Algorithmic pattern used

Greedy + precomputed primes + binary search. Precompute all primes up to max element using Sieve of Eratosthenes. Process elements greedily left to right: for each arr[i], find the largest prime p < arr[i] such that arr[i] - p > previous value. Use binary search on the sorted primes list.
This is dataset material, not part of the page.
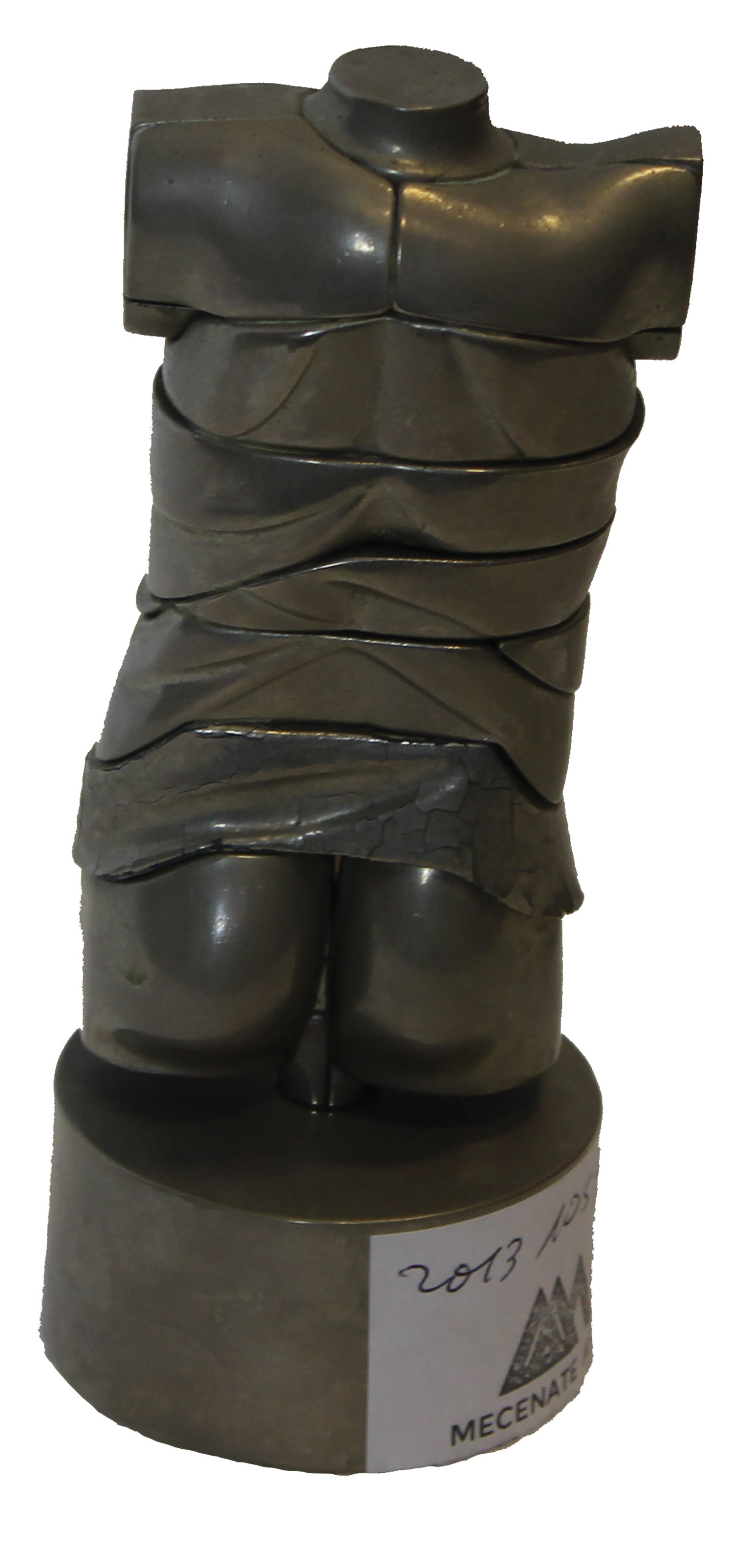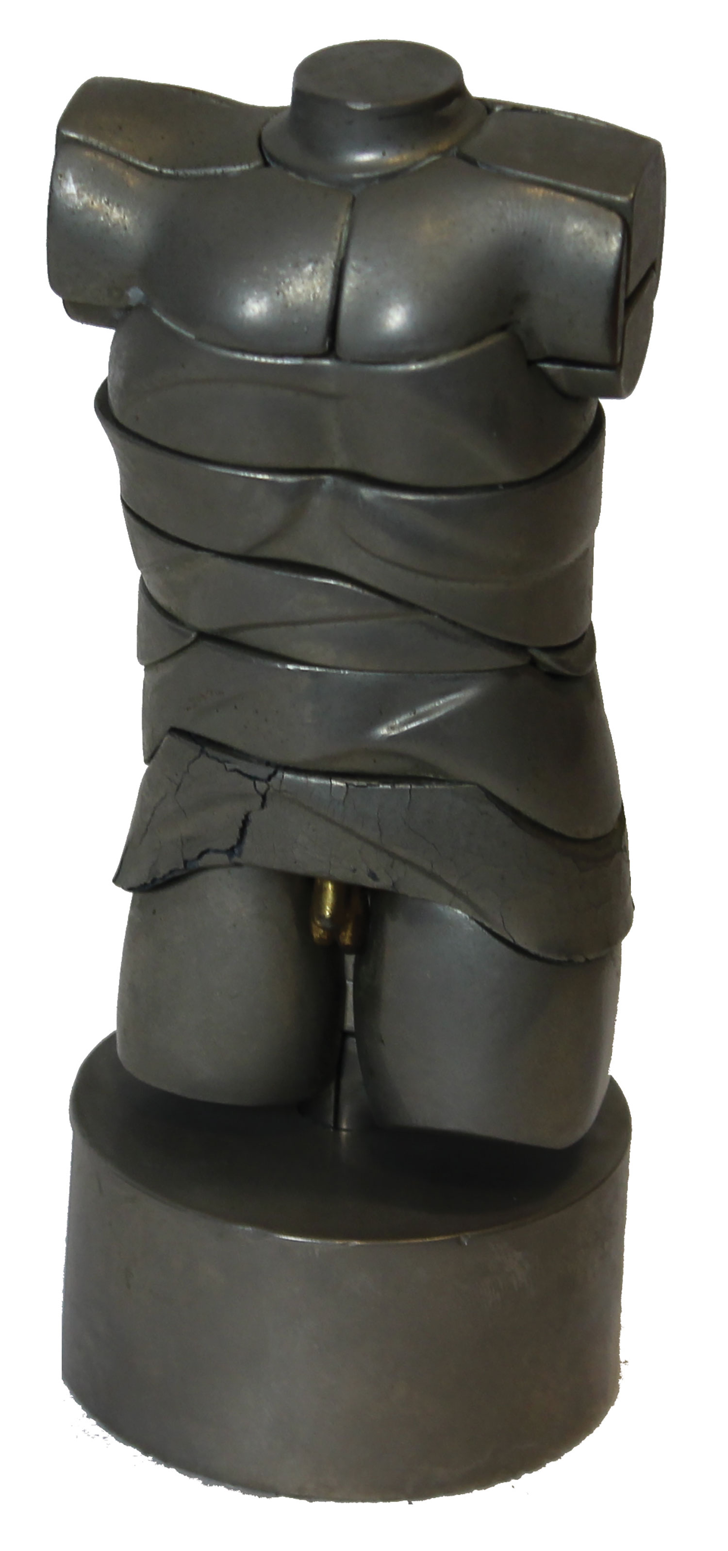 Berrocal Miguel Le Mini David, 1969 scultura smontabile composta da 22 elementi in alpacca e ottone, cm. 5,4x10x3,6, es. 3780/5000 firmata sulla spalla, lotto comprensivo di volume Mini David, l'opera presenta crepe nella sezione inferiore del torso

If no valid prime exists and arr[i] <= previous value, return false.

Example explanation

arr=[4,9,6,10]. prev=0.

  • arr[0]=4: Need arr[0]-p > 0. Best: subtract 3 (prime) → 1 > 0 ✓. prev=1.
  • arr[1]=9: Need 9-p > 1. Best: subtract 7 → 2 > 1 ✓. prev=2.
  • arr[2]=6: Need 6-p > 2. Best primes < 6: 5→1≤2✗. 3→3>2 ✓. prev=3.
  • arr[3]=10: Need 10-p > 3. Best: 5→5>3 ✓. Return true.

Common mistakes candidates make

  • Not precomputing primes (trial division per element is too slow).
  • Greedy without binary search (trying all primes linearly).
  • Not checking that the subtracted prime is strictly less than the element.
  • Not handling arr[i] <= prev without any prime to subtract (return false).

Interview preparation tip

Prime Subtraction combines Sieve of Eratosthenes with greedy binary search. The greedy insight: always subtract the largest valid prime (maximizes decrease while satisfying constraint). Binary search on sorted primes gives the optimal choice in O(log(max_prime)) per element. Practice problems combining prime generation with greedy array operations — they appear in optimization and scheduling contexts.